- [Items from a data source]

=-=-=-=-=

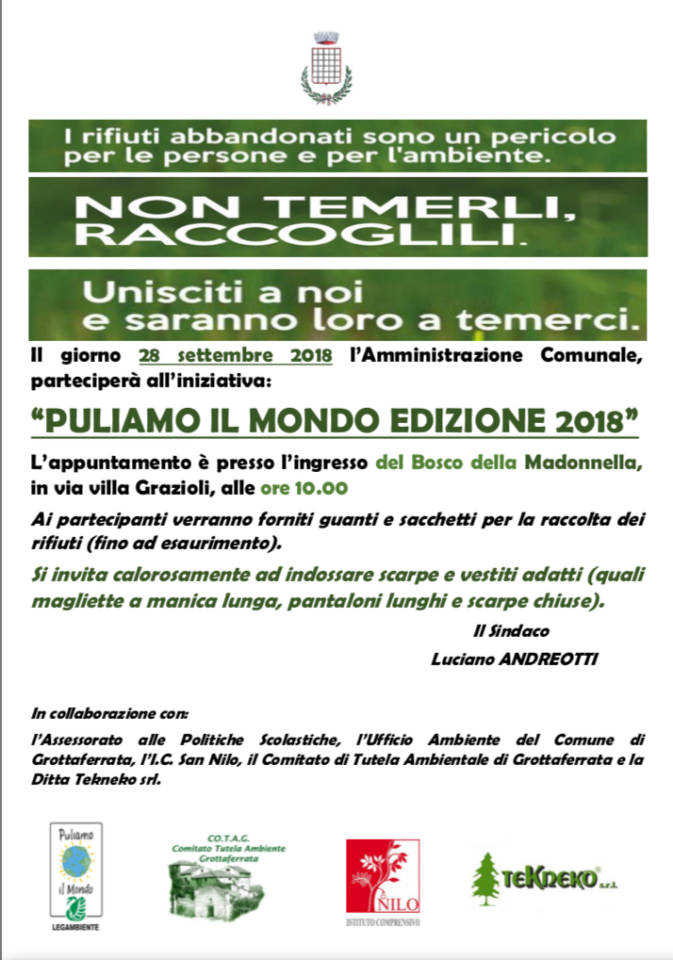 PULIAMO IL MONDO – Si comincia la mattina di venerdì 28 settembre dove l’Amministrazione Comunale, parteciperà all’iniziativa: “Puliamo il mondo – edizione 2018” L’appuntamento è presso l’ingresso del Bosco della Madonnella,
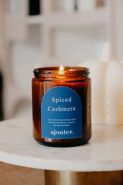 Cosy season is complete with the Spiced Cashmere Autumn Soy Wax Candle . Strike a match to cosy cashmere and warming musk with seasonal nutmeg, cinnamon and spiced pumpkin.
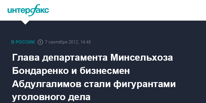 Глава департамента Минсельхоза Бондаренко и бизнесмен Абдулгалимов стали фигурантами уголовного дела
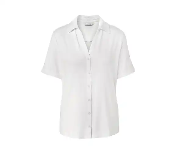 Blusenshirt mit Knopfleiste, weiß Farbe: Weiß Material: 95% Viskose, 5% Elasthan (Creora®) Maße: Gesamtlänge ca. 66,5 cm (Gr. M 40/42) Passform: Regular Fit Weich fließende Viskose-Stretch-QualitätVorderseite mit KnopfleisteV-Ausschnitt mit KragenFixierter ÄrmelumschlagAbgerundeter SaumMit Elasthan: formbeständig, perfekter Sitz, hoher TragekomfortDieses Blusenshirt beinhaltet Fasern aus nachhaltigem Holz.
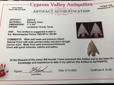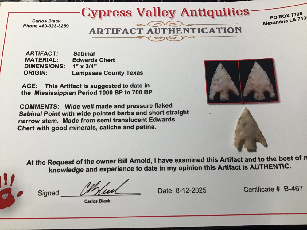Very beautiful point from the Mississippian Period recovered in Lampasas County. It is a well made semi-translucent Edwards with fine patina. I have the shipping.
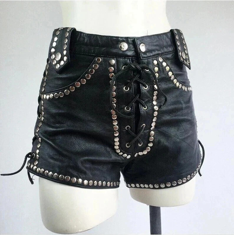 70s Vintage Black Leather Studded Lace-Up Women's Shorts Biker Gothic Festival
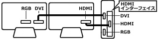 | 「HDMIインターフェース」選択時 * 「HDMIインターフェース」選択時の3台同時表示はサポートしておりません。 * 「HDMIインターフェース」はWD2/Mのみ選択できます。 |
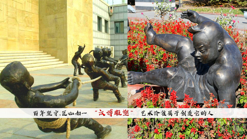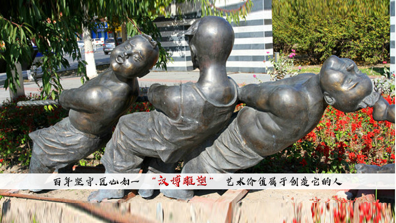 童趣小孩拔河主题人物雕塑展览:团结拼搏展风采

=-=-=-=-=

- [Work item]
Return the records above exactly as written. Do not include their images.

- [Exercise answer]
 PULIAMO IL MONDO – Si comincia la mattina di venerdì 28 settembre dove l’Amministrazione Comunale, parteciperà all’iniziativa: “Puliamo il mondo – edizione 2018” L’appuntamento è presso l’ingresso del Bosco della Madonnella,
 Cosy season is complete with the Spiced Cashmere Autumn Soy Wax Candle . Strike a match to cosy cashmere and warming musk with seasonal nutmeg, cinnamon and spiced pumpkin.
 Глава департамента Минсельхоза Бондаренко и бизнесмен Абдулгалимов стали фигурантами уголовного дела
 Blusenshirt mit Knopfleiste, weiß Farbe: Weiß Material: 95% Viskose, 5% Elasthan (Creora®) Maße: Gesamtlänge ca. 66,5 cm (Gr. M 40/42) Passform: Regular Fit Weich fließende Viskose-Stretch-QualitätVorderseite mit KnopfleisteV-Ausschnitt mit KragenFixierter ÄrmelumschlagAbgerundeter SaumMit Elasthan: formbeständig, perfekter Sitz, hoher TragekomfortDieses Blusenshirt beinhaltet Fasern aus nachhaltigem Holz.
Very beautiful point from the Mississippian Period recovered in Lampasas County. It is a well made semi-translucent Edwards with fine patina. I have the shipping.
 70s Vintage Black Leather Studded Lace-Up Women's Shorts Biker Gothic Festival
 | 「HDMIインターフェース」選択時 * 「HDMIインターフェース」選択時の3台同時表示はサポートしておりません。 * 「HDMIインターフェース」はWD2/Mのみ選択できます。 |
 童趣小孩拔河主题人物雕塑展览:团结拼搏展风采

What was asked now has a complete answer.